I. Requirements and Building

You will need a copy of the most recent version of Bsponmpi.
Bsponmpi requires Intel's Threading Building Blocks.
Boost v. 1.48 or greater is required.
You can (and should) use Agner Fog's vectorclass. This will substantially speed up the code.
The yasm assembler.
You need SCons to build the code.

Included Dependencies:

Included dependency libraries are in src/external.

JsonCPP: (c) Baptiste Lepilleur, MIT License, see src/external/jsoncpp-src-0.5.0/LICENSE
UnitTest++: Copyright (c) 2006 Noel Llopis and Charles Nicholson, MIT License, see src/external/UnitTest++/COPYING

a.
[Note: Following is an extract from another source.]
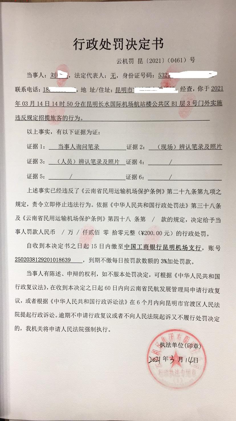 行政处罚决定书 云机罚 昆{2021} (0461)号

General Remarks

The code has been tested on Windows, MacOS/X and Linux.

The easiest way to get it going is to use Ubuntu Linux (either in a Virtual Machine, or an actual installation), and to install Boost and SCons via apt.

On MacOS/X, you can use Macports to get the dependencies.
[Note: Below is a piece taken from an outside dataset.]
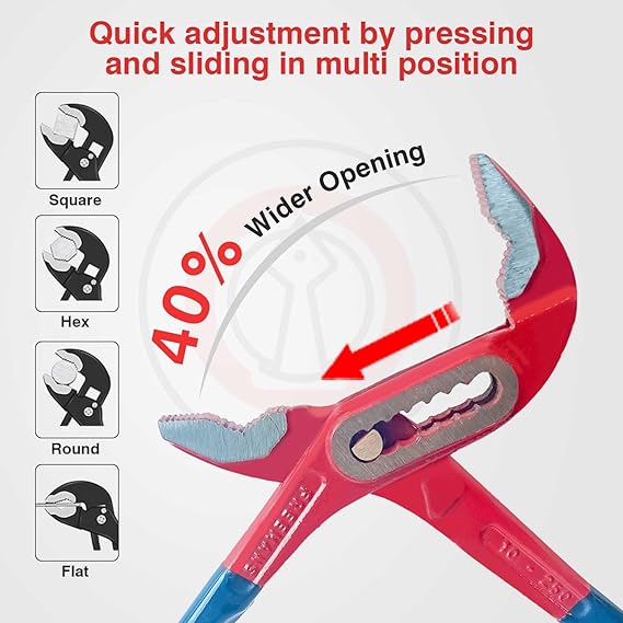 Heavy Duty Construction: Crafted from premium alloy steel, these water pump pliers are built to withstand heavy-duty use and last for years.

On Windows, the main obstacle is compiling Boost (I found this entry on StackOverflow very helpful). To use MPI on Windows, you can download the Microsoft Compute Cluster pack, and point the configuration file to that.

b. How to Build the Multi-threaded (non-MPI) version

The following instructions will build the code using a non-MPI version of BSPonMPI (you will need to compile BSPonMPI using the sequential flag first).

After cloning the repository, you can start the build process by running:

scons -Q mode=release sequential=1

This will output the name of the configuration file which is used:

$ scons -Q mode=release sequential=1
Using options from opts_Darwin_i386.py
...

You will need to modify this configuration file to point it to the various libraries and dependencies. In the case above, we would change opts_Darwin_i386.py.

Here are the default settings:

# cflags and lflags to point to tbb, bsponmpi and boost
additional_cflags = '-I../tbb40_20120201oss/include -I../bsponmpi/include -I/opt/local/include -O3 -g -msse2 -msse3 -msse4 -Wno-parentheses-equality -Wno-switch '
additional_lflags = '-L../bsponmpi/lib -L/opt/local/lib'
replacement_CC = '/opt/local/bin/clang-mp-3.2'
replacement_CXX = '/opt/local/bin/clang++-mp-3.2'
replacement_LINK = '/opt/local/bin/clang++-mp-3.2'

use_yasm=1

# These are optional, but highly recommended. See below.
asmlibdir = '/Users/peterkrusche/Documents/Code/Docs/Agner/asmlib'
veclibdir = '/Users/peterkrusche/Documents/Code/Docs/Agner/vectorclass'

c. How to Build the Multi-threaded MPI version

Like above, but run

scons -Q mode=release sequential=0

and provide valid settings for compiling MPI code.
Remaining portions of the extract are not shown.